‘El Templo del Tiramisú’

A ver, si en cualquier restaurante de, pongámosle Madrid, culminas una comida de domingo con un tiramisú al canto ¿cómo vas a venir a Roma y no probar el postre italiano más famoso del mundo? Aviso que el origen geográfico de este dulce está más al norte, en la región del Véneto, pero también confirmo que la destreza de los italianos a la hora de componerlo no tiene parangón. Mejor si se prueba en una casa particular pero como esto no va a ser lo más común, no está de más tener un lugar de referencia.

No voy a entretenerme mucho en el origen de tan célebre postre. Solo apuntaré que desde su nacimiento al tiramisú se le ha dado un valor afrodisíaco. Literalmente ‘tira-mi-sù’ significa ‘tira-me-arriba’, pero si queremos darle un sentido a la palabra éste sería ‘reconstituyente’, por su alto valor en glúcidos, o simplemente ‘tentempié’. Parece que después de la Segunda Guerra Mundial era un postre bastante consumido en los burdeles de Treviso, en el Véneto, donde el dulce vigorizante aupaba el espíritu de unos y la resistencia de otras. El caso es que el tentempié inspiró a uno de sus clientes, que montó un restaurante y como postre estrella del menú puso aquél que tan buenos ratos le había hecho pasar.

Para tomar el tiramisú que recomiendo hay que salir del centro histórico de Roma y pasarse por un quartiere (barrio) un poco más popular. Solo por eso ya vale la pena la excursión. El bar Pompi, de apellido El Templo del Tiramisú, está en Via Albalonga 9, muy cerca de la parada de metro Re di Roma. Esto vendría a ser como la Horchatería Daniel de Alboraia para los valencianos o la Chocolatería de San Ginés en el caso de los madrileños.

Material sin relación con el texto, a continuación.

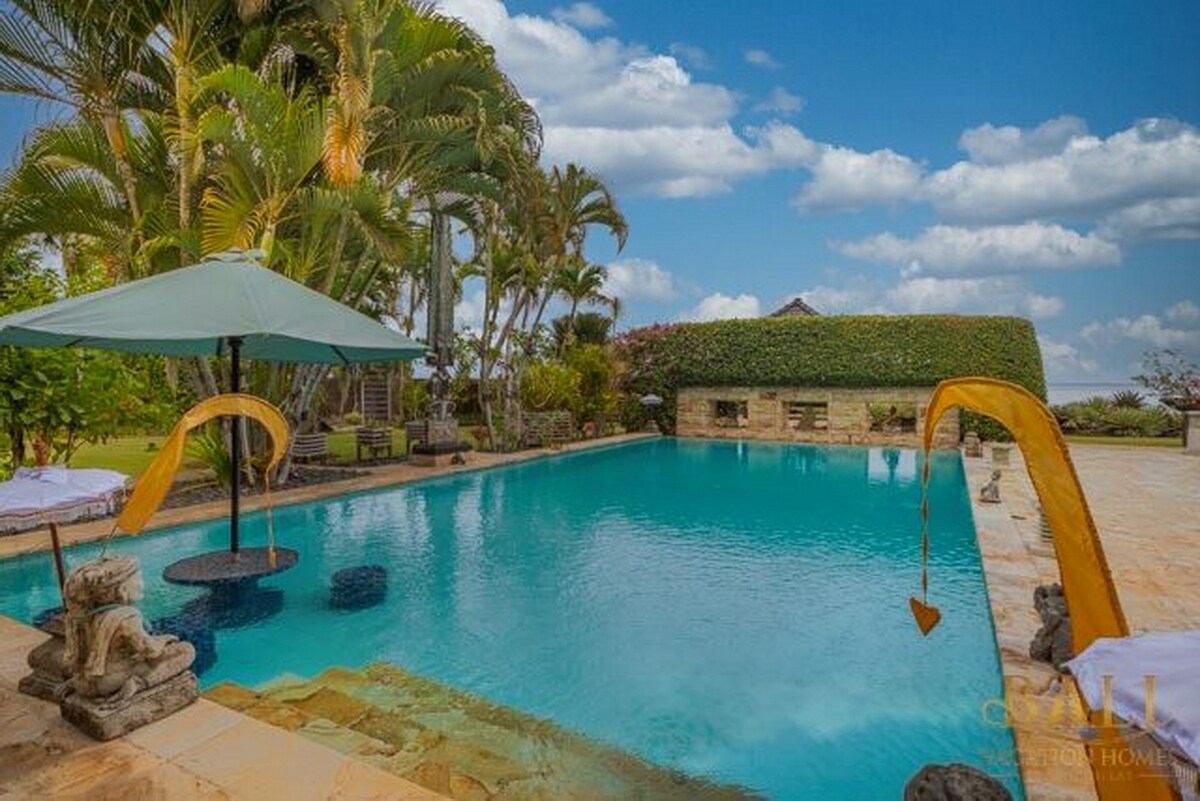 Villa Palmeira: Spacious, luxury, fully equipped & staffed villa set in 4,000m² of lush gardens facing the sea. 18m infinity pool, jacuzzi, bales & water features. 40m beachfront. Modern kitchen, indoor-outdoor living areas. 8 a/c bedrooms with private ensuite bathrooms. 4 bedrooms convert to library, studio, gym & sea view lounge. Chef, maid, houseboy, 3 gardeners & night security. 250Mbps wifi, 2 Smart TVs, Netflix. Lovina 25 mins. Car & driver. CHSE certified. Managed by RAF-Hauz®

Salvo algún erasmus o turistas leídos en blogs, la mayoría de los clientes del bar Pompi son italianos y esto ya es un punto. Y aunque sirven el aperitivo y otras comidas el rey de la carta es el tiramisú, bien para llevar o bien para tomar en el salón. Mi recomendación es comerlo allí, la experiencia no defraudará. Se trata de una sala llena de espejos con lámparas antiguas, bolas de discoteca, algún luminoso de neón, paredes color pastel y camareros de uniforme con chaleco y pajarita. Tal es el impacto visual que no sabes si comer o mirar. Suerte que el bocado no defrauda.

Con el tiempo me he dado cuenta de que barruntar esos estilos que dan un toque kitch al local y de gusto cuestionable es bastante común en las cafeterías de Roma. Pero admito que forma parte de su encanto.

En Pompi hay tiramisú de fresa, pistacho, nutella y plátano y el clásico, ¿cuál te gustaría probar?